We know that trigonometric functions like sin x and polynomial functions are continuous at all points in their domain i.e. x ∈ the set of real numbers. Thus, f(x) is actually a function formed by the sum of two continuous functions. At point x = 0, sin x and (x^{3} + 5) are continuous.

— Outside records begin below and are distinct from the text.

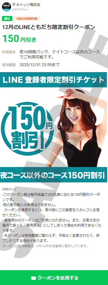 12月に配布したラインクーポンはコチラ! 2025年12月18日 キャッツ お知らせ, LINEともだち募集中 0 12月5日にラインで配布したクーポンは夜16時間パック、ナイトコース以外のコースで使用できる150円割引クーポンでした!12/5の時点でLINEのお友達になっていただいた方に抽選で配布したクーポンです※他の割引チケットとの併用はできません。下記アイコンをクリックして友達登録! 梅田店LINEの友達登録はLINEアイコンをクリック ↓ ↓ ↓ ↓
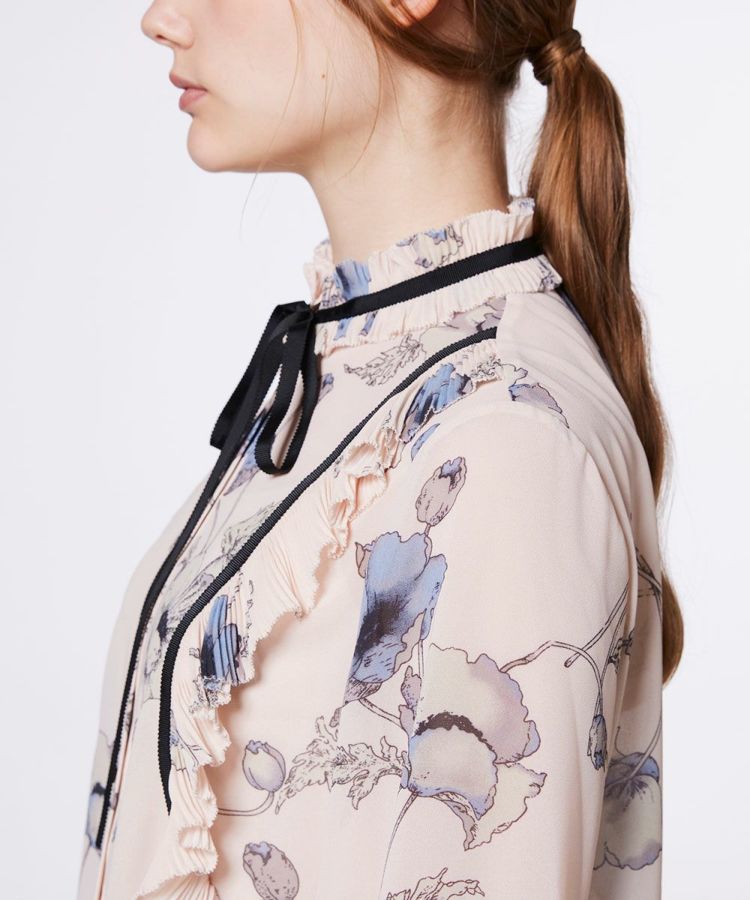 柔らかな落ち感のある生地に繊細なプリントを施した、Sov.オリジナルの上品なブラウス。淡いプリント柄に黒の細リボンを効かせることで、全体を引き締め、大人の洗練された雰囲気を演出します。胸元やネックラインにあしらったフリルが、さりげない華やかさをプラス。シンプルなボトムスと合わせるだけで、品のあるスタイリングが完成し、オン・オフ問わず幅広く活躍する一枚です。
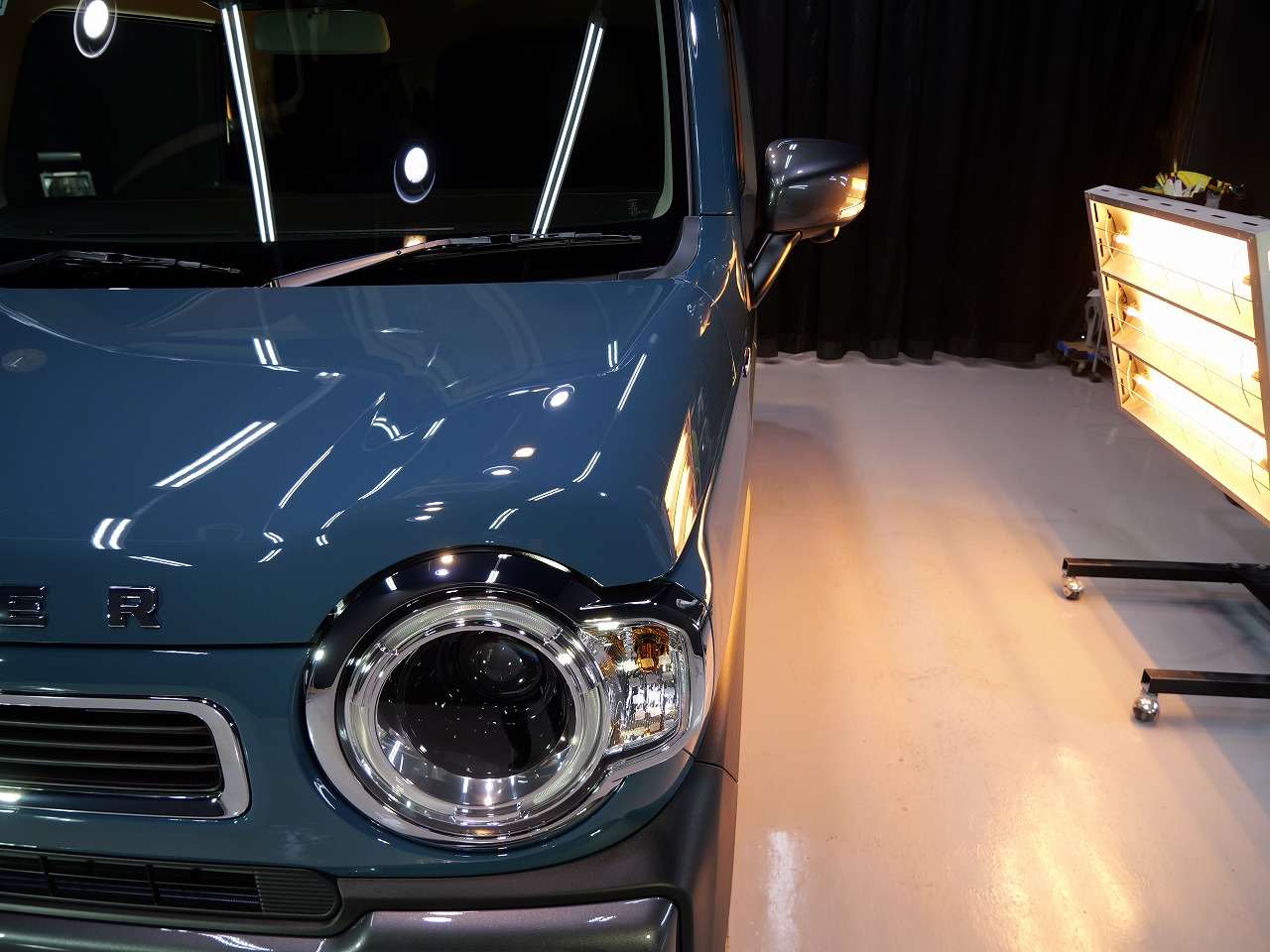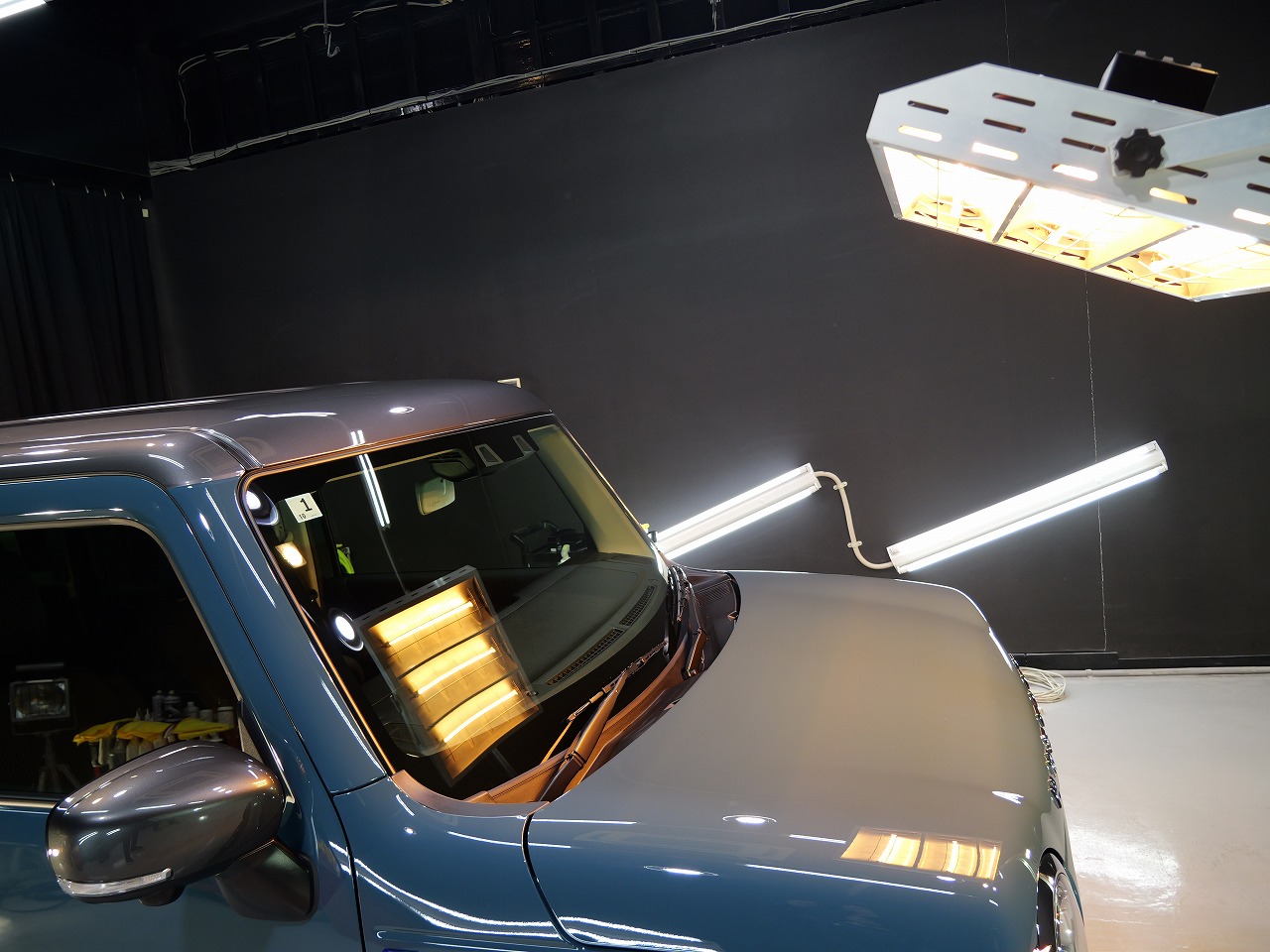 デニムブルーメタリック ガンメタリック2トーンです。施工はボディにはファインラボセラミックコ

Using the Addition Rule then, we get

f(x) = (sin x) + (x^{3} + 5) is continuous at x = 0.

**Question 2:** Is the function f(x) = sin(x^{3} + 5) continuous at x = 0?

**Solution: **Without going into the trouble of showing the validity of the conditions of continuity here, one can see that this function is formed by the composition of two continuous functions: g_{1}(x) = sin x and g_{2}(x) = (x^{3} + 5). $${f(x) = g_1(g_2(x))} $$ Thus, by the composition rule, f(x) is continuous at x = 0.

This concludes our discussion on this topic of the algebra of continuous functions.

**Question 3: How can we get to know if a function is continuous?**

**Answer:** To confirm that a function is continuous, follow these steps:

- The function ‘f(c)’ should be defined. The function must be at an ‘x’ value (c), this means we can’t have a hole in this function.
- The limit of this function as ‘x’ approaches the value ‘C’ need to exist.
- The value of the function at ‘C’ and the limit as ‘x’ approaches ‘C’ should be similar.

**Question 4: Give an example of the continuous function.**

**Answer:** When a function is continuous in nature within its domain, then it is a continuous function. For instance, g(x) does not contain the value ‘x = 1’, so it is continuous in nature.

**Question 5: Are all continuous functions differentiable?**

**Answer:** Any differentiable function can be continuous at all points in its domain. For instance, a function having a bend, cusp, or a vertical tangent might be continuous in nature, but it fails to be differentiable at the place of the anomaly.

**Question 6: Are logarithmic functions continuous?**

**Answer:** The logarithmic functions are only defined for positive and real numbers. These are continuous at all points of the definition.